Vampire films have little bite left; like zombie flicks, the horror genre has pretty much bled them dry by going to the well too often. Makes me wish for the halcyon days of the Hammer films. There’s been far too much tiresome reinvention of the vampire in modern horror, turning them into gorgeous romantic hearthrobs for teenage girls (Twilight films and True Blood) or gory cannon fodder for the action crowd (Blade, Priest, Daybreakers). Really it’s all been done, the movie vampire corpse is twitching in the roadside, run over and over by some mad Hollywood driver intent to wring every last cent out of it. As genres go, it’s all pretty sad and ugly.

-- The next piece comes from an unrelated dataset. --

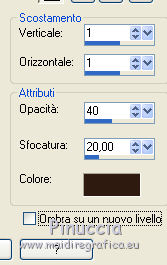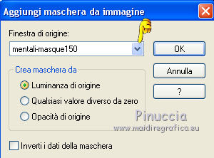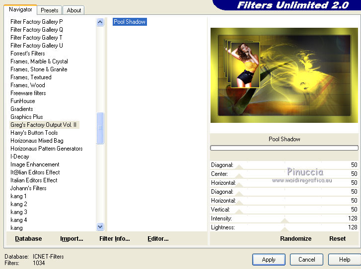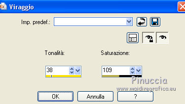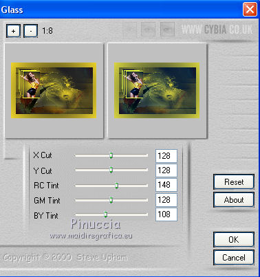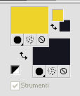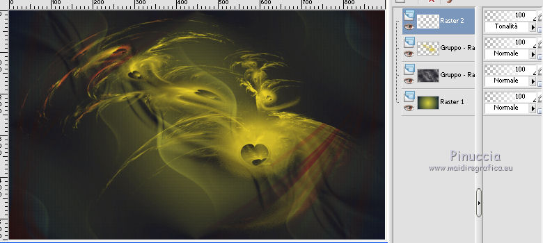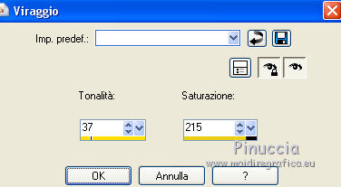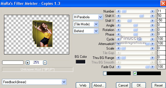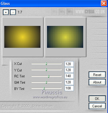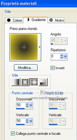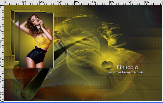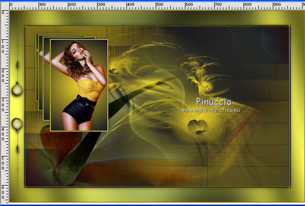 qui puoi trovare qualche risposta ai tuoi dubbi. Se l'argomento che ti interessa non è presente, ti prego di segnalarmelo. Questo tutorial è stato creato con PSP 9 e tradotto con CorelX, ma può essere realizzato anche con le altre versioni di PSP. Dalla versione X4, il comando Immagine>Rifletti è stato sostituito con Immagine>Capovolgi in orizzontale, e il comando Immagine>Capovolgi con Immagine>Capovolgi in verticale. Nelle versioni X5 e X6, le funzioni sono state migliorate rendendo disponibile il menu Oggetti. Con la nuova versione X7 sono tornati i comandi Rifletti e Capovolgi, ma con nuove differenze. Vedi la scheda sull'argomento qui Occorrente: Materiale qui Per il tube della donna grazie Guismo, per le maschere Franie e Mentali. Filtri: se hai problemi con i filtri, consulta la mia sezione filtri qui Filters Unlimited 2.0 qui Mura's Meister - Copies qui Mezzy qui Greg's Factory Output vol. II qui I filtri Mezzy e Greg's Factory si possono usare da soli o importati in Filters Unlimited (come fare vedi qui) Se un filtro fornito appare con questa icona ![]() Se stai usando altri colori, non esitare a sperimentare le modalità di miscelatura e le opacità dei livelli più adatte. Nelle ultime versioni di PSP non c'è il gradiente di primo piano/sfondo (Corel_06_029) Trovi i gradienti delle versioni precedenti qui Apri le maschere in PSP e minimizzale con il resto del materiale. 1. Imposta il colore di primo piano con #edd42b, e il colore di sfondo con #171721. ![]() Passa il colore di primo piano a Gradiente di primo piano/sfondo, stile Sprazzo di luce. ![]() 2. Apri una nuova immagine trasparente 900 x 550 pixels, e riempila con il gradiente.3. Effetti>Plugins>Mezzy - Glass, con i settaggi standard. ![]() Effetti>Effetti di bordo>Aumenta. 4. Livelli>Nuovo livello raster. Riempi con il colore di sfondo #171721.5. Livelli>Nuovo livello maschera>Da immagine. Apri il menu sotto la finestra di origine e vedrai la lista dei files aperti. Seleziona la maschera mentali-masque150. ![]() Livelli>Unisci>Unisci gruppo. Effetti>Effetti di bordo>Aumenta. 6. Effetti>Effetti 3D>Sfalsa ombra. ![]() 7. Riporta il colore di primo piano a Colore. Livelli>Nuovo livello raster. Riempi con il colore di primo piano #edd42b.Livelli>Nuovo livello maschera>Da immagine. Apri il menu sotto la finestra di origine e vedrai la lista dei files aperti. Seleziona la maschera masque6_franiemargot. ![]() Livelli>Unisci>Unisci gruppo. Regola>Messa a fuoco>Metti a fuoco. Effetti>Effetti 3D>Sfalsa ombra, con i settaggi precedenti. ![]() 8. Apri 0_72bd4_5d8e4630_XL, e vai a Modifica>Copia. Torna al tuo lavoro e vai a Modifica>Incolla come nuovo livello. Cambia la modalità di miscelatura di questo livello in Tonalità. ![]() 9. Apri 0_72cbb_db29424_XXL e vai a Modifica>Copia. Torna al tuo lavoro e vai a Modifica>Incolla come nuovo livello. Regola>Tonalità e saturazione>Viraggio. ![]() Regola>Messa a fuoco>Metti a fuoco. Effetti>Effetti 3D>Sfalsa ombra, con i settaggi precedenti. ![]() 10. Apri 12206401778_fleurs_nikita e vai a Modifica>Copia. Torna al tuo lavoro e vai a Modifica>Incolla come nuovo livello. Spostalo nell'angolo in basso a sinistra.Cambia la modalità di miscelatura di questo livello in Sovrapponi. ![]() 11. Apri il tube della donna e vai a Modifica>Copia. Torna al tuo lavoro e vai a Modifica>Incolla nuova immagine. Lavora su questa immagine. Immagine>Ridimensiona, 1 volta al 50% e una volta 75%, tutti i livelli selezionato. Riporta il colore di primo piano a Gradiente. Livelli>Nuovo livello raster. Riempi il livello con il gradiente.Livelli>Disponi>Sposta giù. Livelli>Unisci>Unisci tutto. Immagine>Aggiungi bordatura, 1 pixel, simmetriche, colore di sfondo #171721. Immagine>Aggiungi bordatura, 3 pixels, simmetriche, colore di primo piano #edd42b. Immagine>Aggiungi bordatura, 1 pixel, simmetriche, colore di sfondo #171721. Regola>Messa a fuoco>Metti a fuoco. Effetti>Effetti 3D>Sfalsa ombra, con i settaggi precedenti. ![]() Modifica>Copia. 12. Torna al tuo lavoro originale e vai a Modifica>Incolla come nuovo livello. Effetti>Plugins>Mura's Meister - Copies. ![]() Immagine>Ridimensiona, al 90%, tutti i livelli non selezionato. Sposta l'immagine nell'angolo in alto a sinistra.![]() Regola>Messa a fuoco>Metti a fuoco. Effetti>Effetti 3D>Sfalsa ombra, con i settaggi precedenti. ![]() 13. Livelli>Unisci>Unisci tutto. Immagine>Aggiungi bordatura, 1 pixel, simmetriche, colore di sfondo #171721. Immagine>Aggiungi bordatura, 1 pixel, simmetriche, colore di primo piano #edd42b. Immagine>Aggiungi bordatura, 1 pixel, simmetriche, colore di sfondo #171721. Immagine>Aggiungi bordatura, 50 pixels, simmetriche, colore di primo piano #edd42b. 14. Attiva lo strumento Bacchetta magica ![]() ![]() e clicca nel bordo da 50 pixels per selezionarlo. Inverti i colori del gradiente ![]() Riempi la selezione con il gradiente.15. Effetti>Plugins>Mezzy - Glass, con i settaggi precedenti. ![]() Effetti>Effetti di bordo>Aumenta. 16. Effetti>Plugins>Filters Unlimited 2.0 - Greg’s Factory Output Vol II – Pool Shadow, con i settaggi standard. ![]() Selezione>Inverti. Effetti>Effetti 3D>Sfalsa ombra, con i settaggi precedenti. ![]() Modifica>Ripeti Sfalsa ombra. Selezione>Deseleziona. 16. Immagine>Aggiungi bordatura, 1 pixel, simmetriche, colore di sfondo #171721. Immagine>Aggiungi bordatura, 1 pixel, simmetriche, colore di primo piano #edd42b. 17. Apri renee_scene_surrealiste_image _gouttes e vai a Modifica>Copia. Torna al tuo lavoro e vai a Modifica>Incolla come nuovo livello. Spostalo sul bordo a sinistra.![]() Regola>Tonalità e saturazione>Viraggio. ![]() 18. Livelli>Duplica. Immagine>Rifletti. 19. Attiva nuovamente il tube della donna e vai a Modifica>Copia. Torna al tuo lavoro e vai a Modifica>Incolla come nuovo livello. Immagine>Rifletti. Immagine>Ridimensiona, 2 volte all'85%, tutti i livelli non selezionato. Regola>Messa a fuoco>Metti a fuoco. Effetti>Effetti 3D>Sfalsa ombra, con i settaggi precedenti. ![]() 20. Immagine>Ag

But then along comes a film like Stake Land, the best vampire movie I’ve seen in years (well, since 30 Days Of Night, anyway). An independent, low-budget movie that really shoots higher than it has a right to. It’s not perfect by any means, but any film that kicks fresh life into this horror genre is alright in my book. It’s a slow, thoughtful take on vampires, in a post-apocalypse America that feels pretty inevitable political collapse, economic ruin, religious mania… the vampires almost seem irrelevant to the story the filmmakers want to tell.
Stake Land is a road movie, its characters a thrown-together family, dysfunctional and broken, watching the old world disintegrate around them whilst mournful music (an excellent score by Jeff Grace) plays over the soundtrack. The young hero, the nominal lead in what is really an ensemble piece, voices a thoughtful narration over scenes of despair and desolation, a voice-over that reminds one of Terrence Malick films, or maybe what a horror film by Malick might seem like- dreamy, lost, uninterested in the gore, more interested in the sky, the barren landscape. Which is not to say they are no jumps, shocks or gore. It’s pretty grisly in places. But this film is better than that. Plenty of boring gore-fests come and go, but this film has more going on; some commentary on modern America in the vein (sic) of Romero in his prime.
It feels very much like a film not of this era, more of a 1970s movie, very similar in tone to The Assassination of Jesse James By The Coward Robert Ford (one of my favourite films of the past ten years), especially in its visuals, its music. For a film with its languid pace, it is also surprisingly rather short. No doubt many will despair at that pace however, tiresome of the emphasis on mood and character and setting, itching for the action and shocks, but they are missing the point; that’s not what this film is about. A horror film yes, but one that has something to say rather than just supply shocks and gore. A refreshing change then, particularly in such a tired genre as the vampire movie. Perhaps in the end it betrays it’s influences too brashly, rather than having its own true voice. Really its The Road with The Assassination of Jesse James By The Coward Robert Ford and The Thin Red Line thrown in. But thats not a bad list of films to aspire to and be influenced by. Highly recommended.